You are viewing a plain text version of this content. The canonical link for it is here.
Posted to user@flink.apache.org by dim5b <dm...@gmail.com> on 2018/03/12 13:37:34 UTC

Global Window, Trigger and Watermarks, Parallelism

Could someone clarify how exactly event time/watermarks and allow lateness
work. I have created the program below and I have an input file such as...

  device_id,trigger_id,event_time,messageId
    1,START,1520433909396,1
    1,TRACKING,1520433914398,2
    1,TRACKING,1520433919398,3
    1,STOP,1520433924398,4
    1,START,1520433929398,5
    1,TRACKING,1520433934399,6
    1,TRACKING,1520433939399,7
    1,TRACKING,1520433944399,8
    1,STOP,1520433949399,9

Where trigger_id can be an indicator such as: start,tracking,stop. What I
would like to do is based on device_id group all incoming events and define
a window based on the trigger_id. I.e group all events from start until stop
and then do some calculations such as: average,max etc.
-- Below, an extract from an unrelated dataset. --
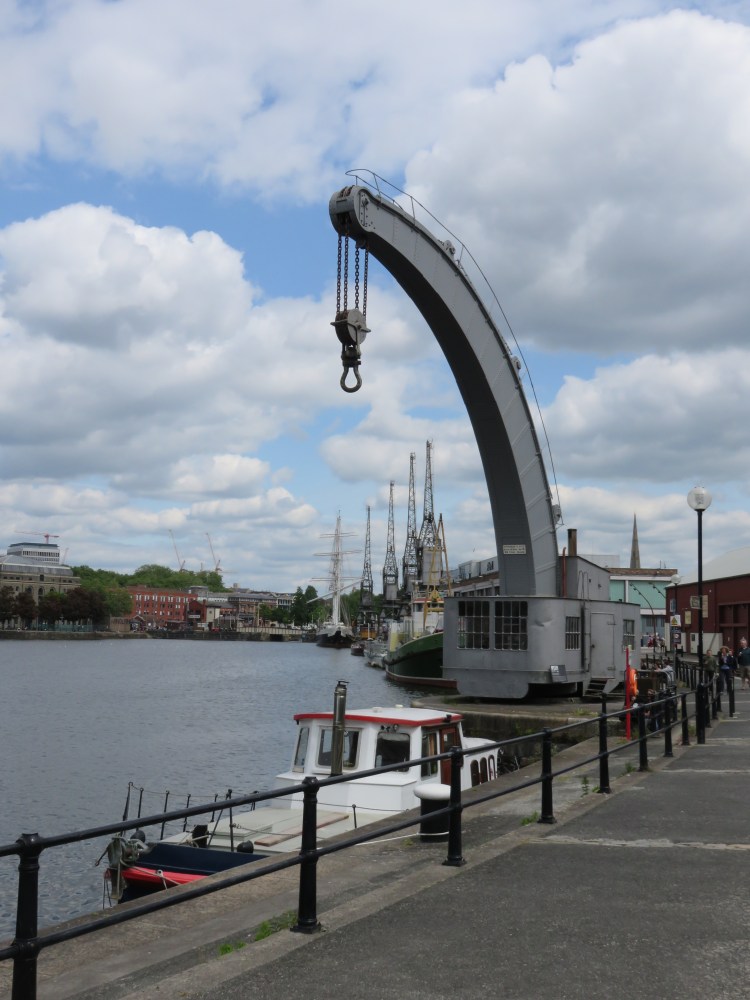 Shortly you will pass the Fairbairn Steam Crane (13). At around 150 years old, the steam crane is Bristol’s oldest powered dockside crane, and is still maintained in working order – at the Harbour Festival and on other special occasions, the crane is still operated.

I call  env.readTextFile("events.csv"); and set StreamTimeCharacteristic to
EventTime. Parellism is set to 4. This means my messages from the source
file are read but are not in order... (I have added messageId as an counter
only for dev purposes)

I have defined a custom trigger to find stop events and fire in order to
evict all collected events. My main problem is that if parellism is
increased from 1 the input source reads these out of order.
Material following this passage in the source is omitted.